He sounds back woods.


----------



## Wordsaw (Apr 17, 2013)

That's a crying dang shame! When I think about all the work (and money) I put in to get my boat running, titled and registered LEGALLY, it makes me sick that someone would trash our waterways that way. What a waste! Surely there's a young fisherman, hobbyist, school or just somebody on a budget who could take it on as a project. 

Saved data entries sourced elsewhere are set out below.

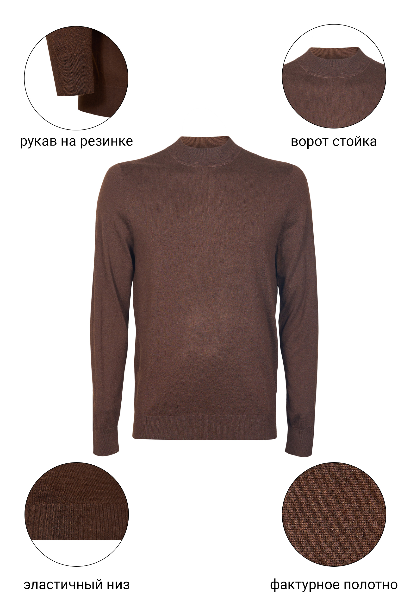 • Приталенный силуэт, Круглый, Однотонный, Коричневый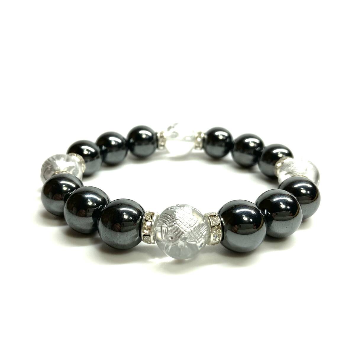 - 四神獣銀彫水晶×ヘマタイト 12mm パワーストーン ブレスレット天然石 青龍 白虎 玄武 朱雀 運気上昇 お守り 金運 四神獸 四神相応 S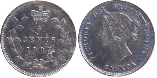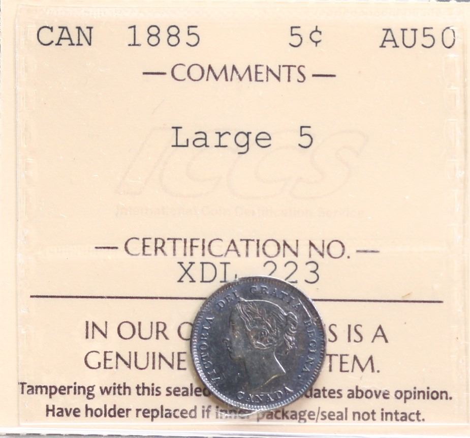 1885 5¢ Large 5 ICCS About Uncirculated-50.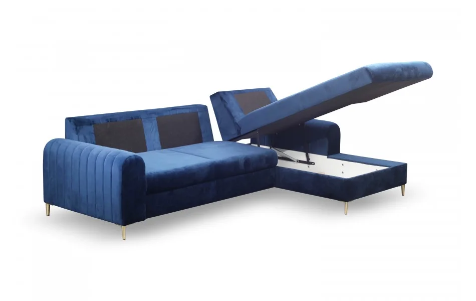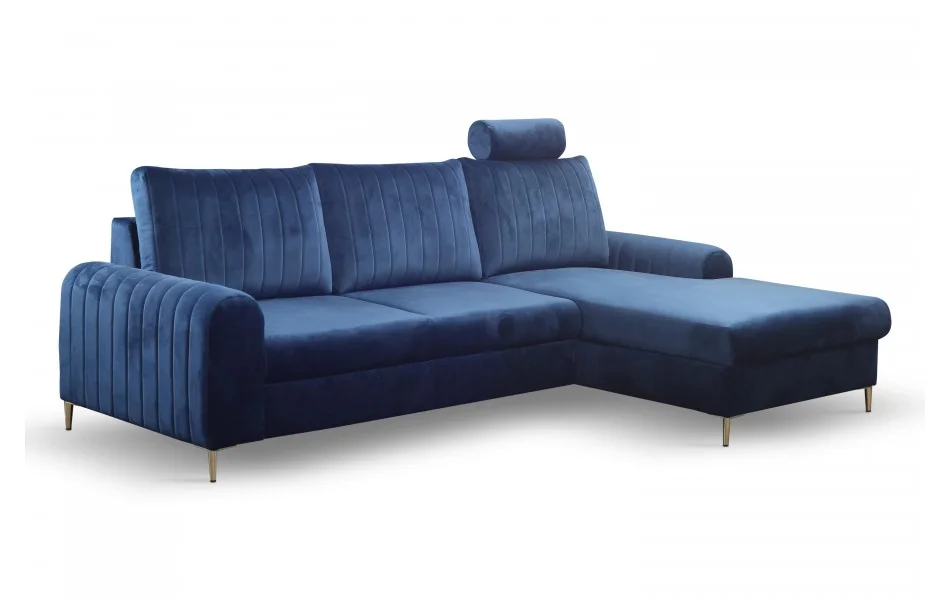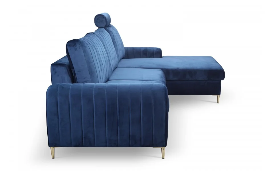 Narożnik Amsterdam to mebel idealnie pasujący do wnętrz w stylu glamour. Złote nóżki oraz przeszycia na bokach i poduszkach oparciowych nadają elegancji i przyciągają wzrok.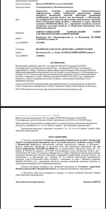 Завтра, 10 октября 2025 года, в 6 утра планируется силовое выселение прихода Успенского кафедрального собора Владимир-Волынской епархии УПЦ во Владимире. Об этом сообщали адвокат общины протоиерей Никита Чекман у себя в Телеграм-канале.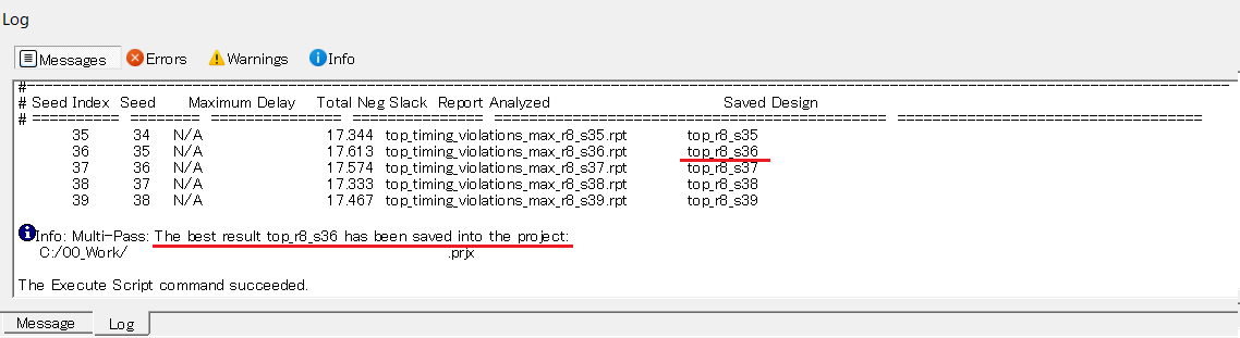 Logにてbest resultと記載された配置配線結果が保存されます。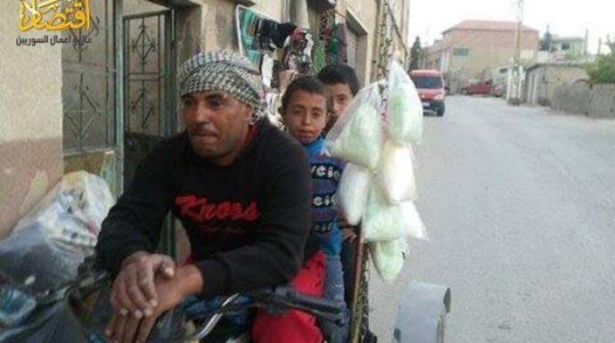 يقود "أبو أيوب" دراجته الخاصة برفقة ولديه أيوب وأحمد حاملاً (غزل البنات) لأطفال المخيمات.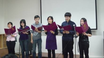 活动现场,计算机系工会全体成员学习并演唱清华大学《老校歌》,并以工会小组为单位组织校园歌曲合唱表演。我院工会成员刘婧、孙迪、常予莹、王艳萍、梁海胜、赵阳合作清唱了《老校歌》,赢得当晚最热烈的掌声。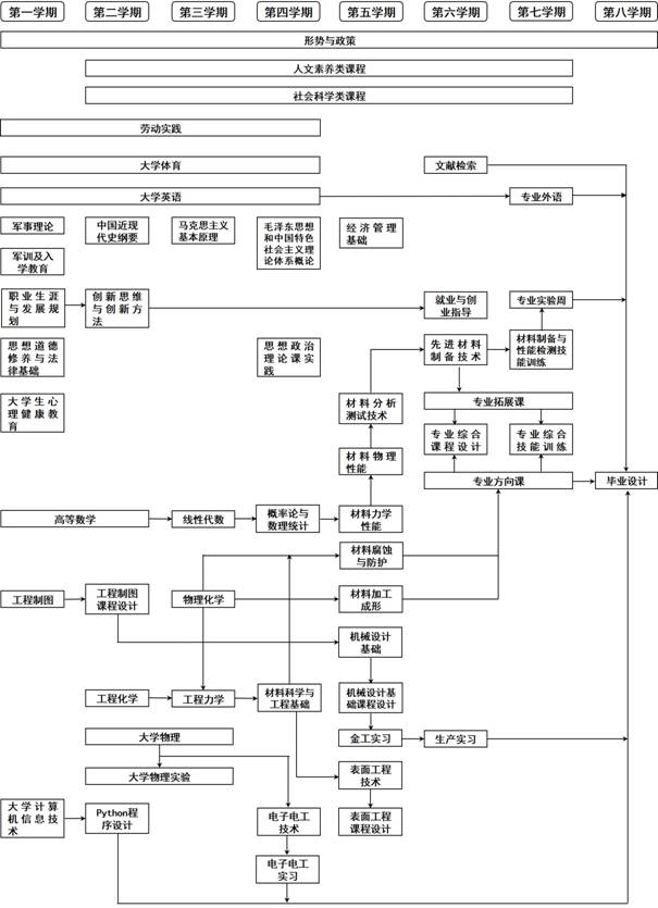 材料科学与工程基础、材料力学性能、材料分析测试技术、先进材料制备技术、材料物理性能、材料加工成形、表面工程技术、材料腐蚀与防护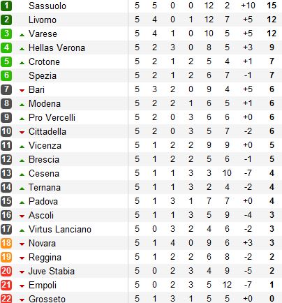 После пяти матчей Сассуоло единолично возглавил турнирную таблицу.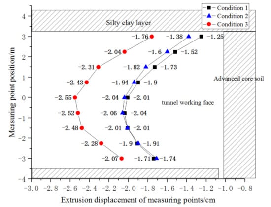 Extrusion displacement of the tunnel face under 3 conditions.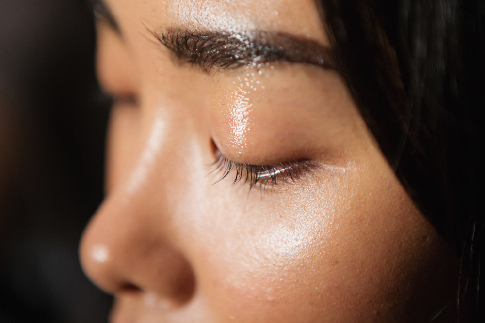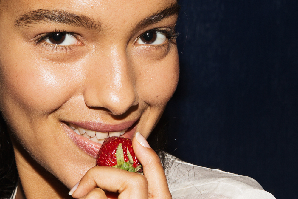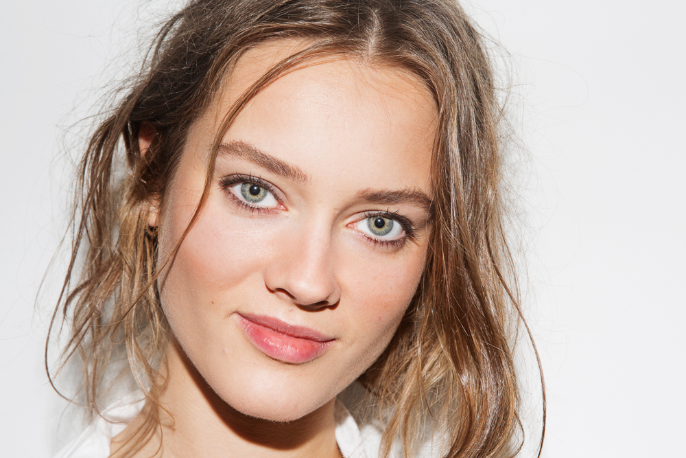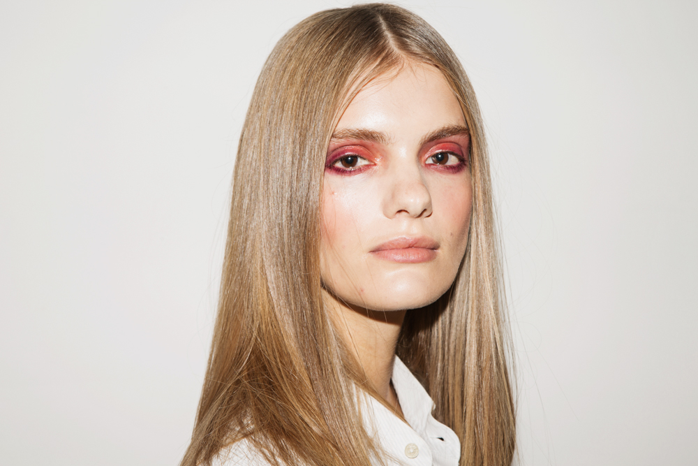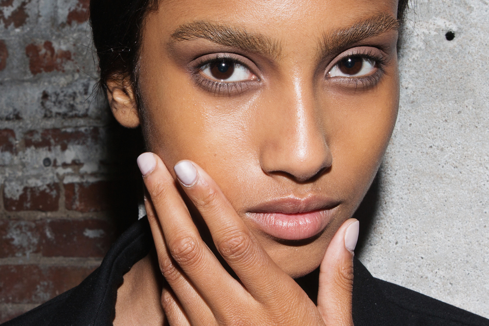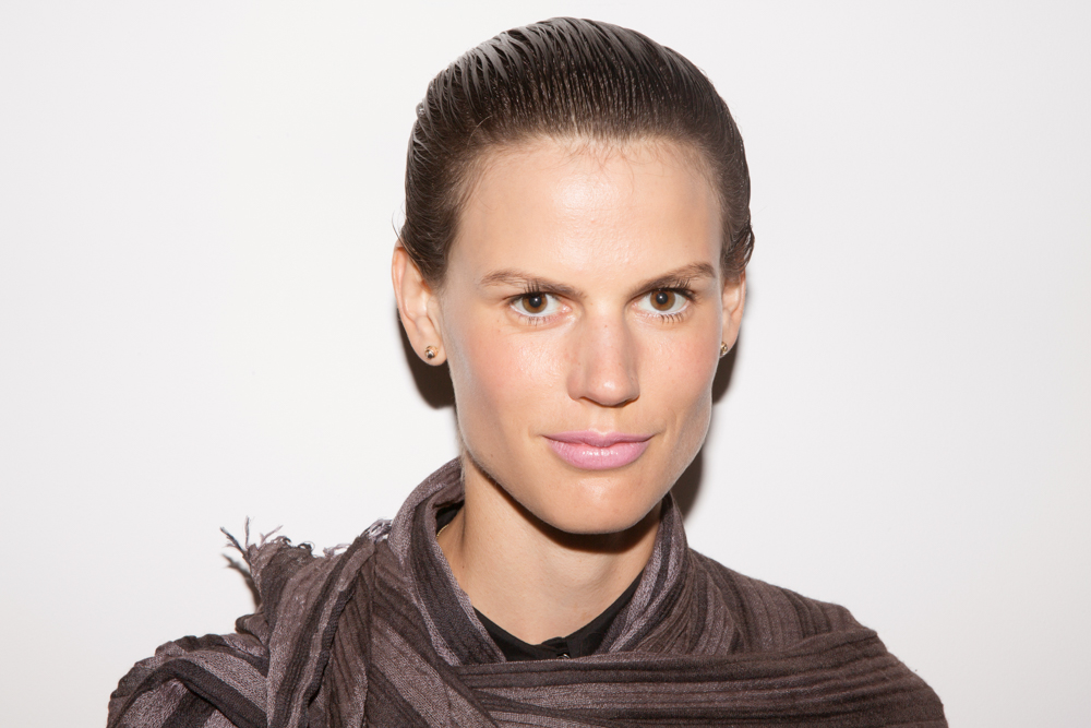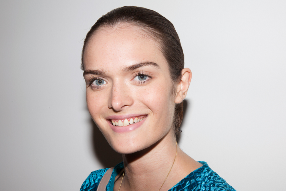 Diane Kendal (Nars): “During Spring/Summer, you always want to have that feeling of skin that’s luminous and dewy. I’m using a white highlighter to get an athletic high-shine, as if they’ve been working out, but in that glamorous way. We’re accentuating the tops of the cheekbones and the brows, and then sculpting the face with the Palm Beach Multiple, conturing the T-zone, and using lip balm on the lips. Guido's taken the hair back into quite a low ponytail, and then with the luminous skin and eyebrows, you get a very bold, strong feel. We’re bleaching the brows, toning them with a cool dye, and then brushing them. We didn’t want to do no brows, but wanted to have that feel of them blending into the skin.”

Total lack of pride and class!


----------



## TheRooster (Jul 15, 2012)

Dukiball said:


> Ok so we are looking for 3 or 4 Hispanic Males with backs that are wet right now huh


lmfao I see what you did there

Sent from my SM-N900T using Tapatalk


----------



## Dukiball (May 27, 2013)

TheRooster said:


> lmfao I see what you did there
> 
> Sent from my SM-N900T using Tapatalk


 Holy Spanish Mackerel


----------



## bjones2571 (May 2, 2007)

Holy internet racist!


----------



## SeaY'all (Jul 14, 2011)




----------



## shoalnuff (Dec 18, 2013)

jtbailey said:


> And then there are guys like me who work our arses off to HOPE that one day be able to have a boat... and these jokers just leave'em to sink.
> Pull it up and i'll take it !!!
> One mans trash is another mans treasure


Looks like there's a cheap one in clear lake:slimer:


----------



## jtbailey (Apr 29, 2012)

shoalnuff said:


> Looks like there's a cheap one in clear lake:slimer:


 Anyone got a trailer I can borrow to go get it??? Is it still there??


----------



## OnedayScratch (May 23, 2012)

jtbailey said:


> Anyone got a trailer I can borrow to go get it??? Is it still there??


You going after it?


----------



## OnedayScratch (May 23, 2012)

I'll throw some MS 13 paint on there and it'll be kick in serious tail! You know...in honor of its predecessors.


----------



## Blk Jck 224 (Oct 16, 2009)

Perhaps one of you boys with one of those bad arsed trucks y'all are always talking about could drag it out of the water into the parking lot.


----------



## Trim-Happy (May 21, 2012)

I was down there today and the tide was so low I could have put the plug in it and pumped the water out of it but I don't have a need for it. I did think about it tho but I'm sure after sitting in salt for 2 days the motor is going to be a rust bucket now even if you fixed it.


----------